There is a complex body of issues around consent and the IDI, which are even more complicated for Māori. While permitted under current regulations, data are not collected with full, informed consent by individuals. Instead, this ability to continue to collect and link data without explicit consent is said to rely on ‘social licence’. Social licence has been defined as ‘the permission it [Stats NZ] has to make decisions about management and use of the public’s data without sanction’ (Nielsen 2018, p. 3). Overall, social licence includes the trust the public has in Stats NZ to govern the nation’s data and use it appropriately to benefit society. Social licence is important as international experiences have demonstrated that without it, big datasets can be disbanded due to severe public scrutiny (Carter et al. 2015). Despite having what looks like a comprehensive approach to data security and usage, the power to define howthis operates sits with the state (i.e. Stats NZ), which minimises the autonomy and control that Māori can exercise regarding Māori data. While research has shown that the public tend to not know enough about Stats NZ to make an assessment on their trustworthiness (Nielsen 2018), there is no research that specifically evaluates Māori perspectives of Stats NZ (Kukutai and Cormack 2019). Additionally, social licence is not a static concept as perceptions of Stats NZ can change over time. Therefore, it is important for the system to have ongoing engagement with communities, and to be aware of any change in attitudes.

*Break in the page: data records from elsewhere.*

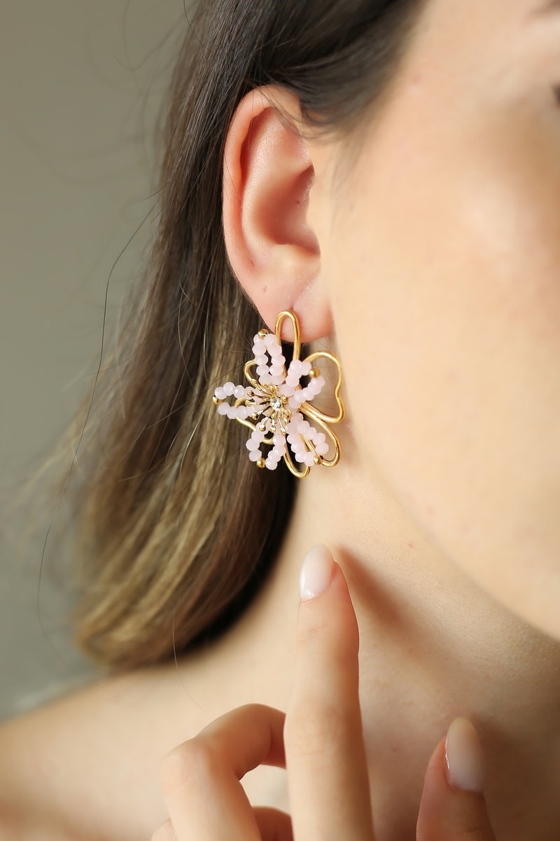 Puces en plaqué or jaune serties de cristaux.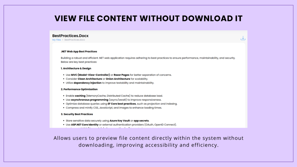 - Online file viewer for word document, image, excel, txt, audio and video.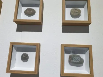 멀리서 보면 작은 돌들이지만 가까이서 보면 각각 예사롭지 않은 그림들이 새겨져 있어요.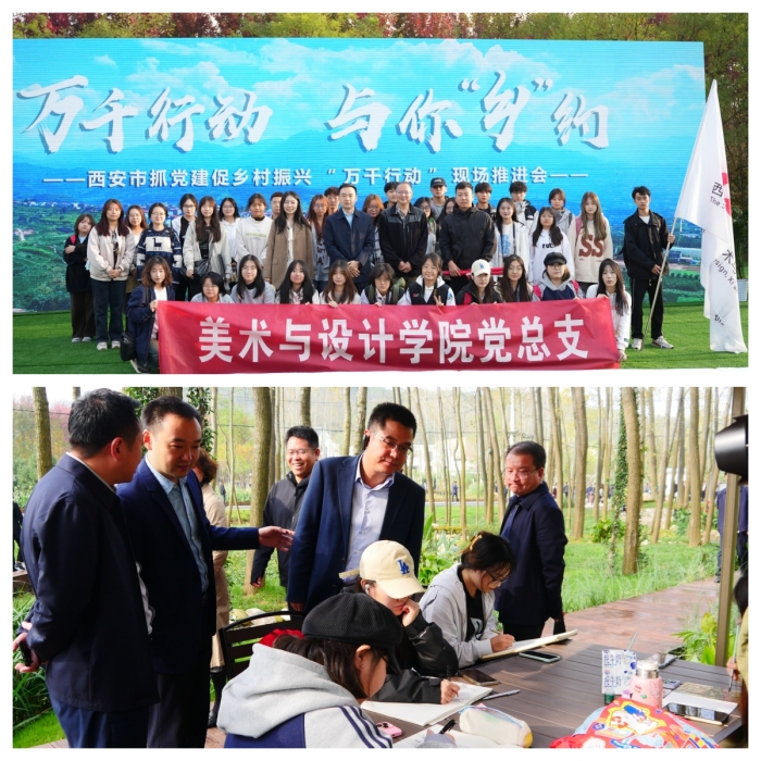10月9日上午,美术与设计学院党总支书记魏夫涛、教工党支部书记许雷、学生党支部书记呼潇、教师代表王婕弘等40余师生党员,受邀赴蓝田县前卫镇将军村参与西安市抓党建促乡村振兴“万千行动”现场推行会,学院结合专业特色,组织开展了“强党建·助乡村振兴”主题实践写生活动。

Social licence is likely more complex for Māori communities, within Aotearoa’s context of ongoing colonisation and contemporary disparities. For example, use of the IDI has potential concerns for Māori when data may contribute to deficit-focussed narratives about Māori, and if the context in which data is collected is not clearly understood (Gulliver et al. 2018). TMR proposes two additional dimensions to social licence for Māori: cultural licence – considering the ramifications of big data usage on the social contract between Māori and the Crown under Te Tiriti; and Māori data sovereignty – the right of Māori to govern and control their own data (Hudson 2016). In summary, it is clear from existing work on social licence that there are broader questions that need to be asked about the IDI by the Crown, and answered by hapori Māori.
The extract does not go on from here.